Je marmonnai une réponse, puis tendis la main pour que Télio m'aide à me relever.

- On peut pas attendre demain ?

- T'as vidé le buisson, alors non, je crois pas.

Télio s'envola pour retourner au village et je le suivis, soupirant. Une autre demi-heure plus tard, les prémonitions de Télio furent fondées ; Simmer voulut que Télio répète son plan devant chaque clone sans exception, même Riley qui était déjà dans son lit et qu'Arthur dû trainer sur son épaule pour l'emmener au coin de réunion.

- Je suis pas d'accord, dit Albert. C'est dangereux. Ça pourrait mal tourner. Et merde, je serais le premier à me faire tuer !

- Ça serait pas plus mal, dit Aël. Moi, je suis d'accord.

- Tu cherches juste à te débarrasser de moi, dit Albert.

- Merde, je suis démasqué...

- J'ai pensé comme toi, de toute façon, dit Ulysse.

- Allons-y par vote, dit Simmer. Levez la main, ceux qui sont d'accord.

Télio et moi fûmes les premiers, rapidement seconder par Aël et Ulysse. Hadrien leva la sienne pour suivre le mouvement de ses amis. Arthur et Seth se regardèrent un long moment avant de hausser les épaules en même temps que leurs mains. Albert croisa les bras en grognant, puis leva des yeux suppliant vers Simmer qui ne s'était pas encore prononcé.

- Riley, dit Simmer. Tout le monde vote.

Sans étonner personne, Riley était appuyé contre le bras d'Arthur et s'était endormi, bavant sur son teeshirt. Arthur le secoua doucement pour le réveiller et Riley sursauta, essuyant la bave au coin de sa lèvre.

- Hein ? marmonna-t-il en regardant tout le monde. C'est fini ?

- Il faut voter, dit Arthur.

- Ah...

Heureusement, Riley s'était endormi après avoir entendu le plan de Télio, et il était inutile de répéter.
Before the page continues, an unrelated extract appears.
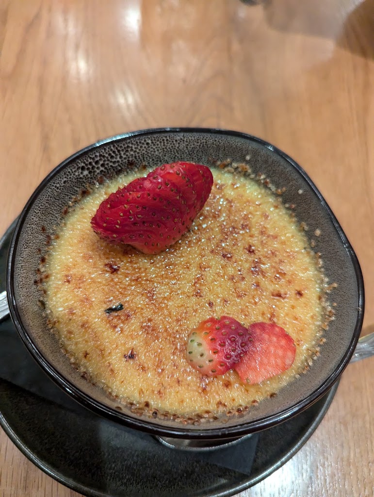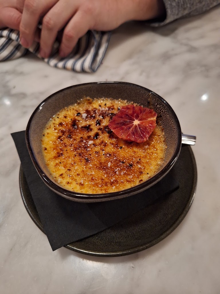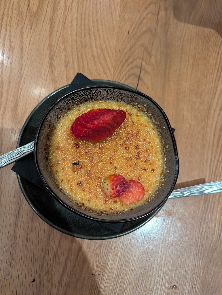 Our server Hayden was attentive but not hovering. Everyone was very pleased with their meal (steak, lamb and prawns). Dessert was disappointing. Crème Brûlée was cold.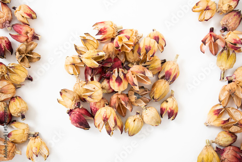 Dried Organic Hibiscus Seed Images, Stock Photos. Dry Hibiscus Seed cover background texture.top view. copy space.

- OK, dit-il. J'y participerai pas, toute façon, mais c'est OK.

Albert grogna à nouveau, boudant dans son coin. Riley s'appuya à nouveau sur le bras d'Arthur et ferma les yeux.

- Moi aussi, je suis d'accord, dit Simmer. Mais ceux qui ne veulent pas participer (il lança un regard plein de sous-entendus en direction d'Albert) pourront rester ici. Et Riley aussi, bien sûr.

- Youpi, marmonna Riley. Je pourrais dormir.

- C'est étonnant que tu te transformes pas en paresseux, dans le fond, dit Hadrien dans un rire.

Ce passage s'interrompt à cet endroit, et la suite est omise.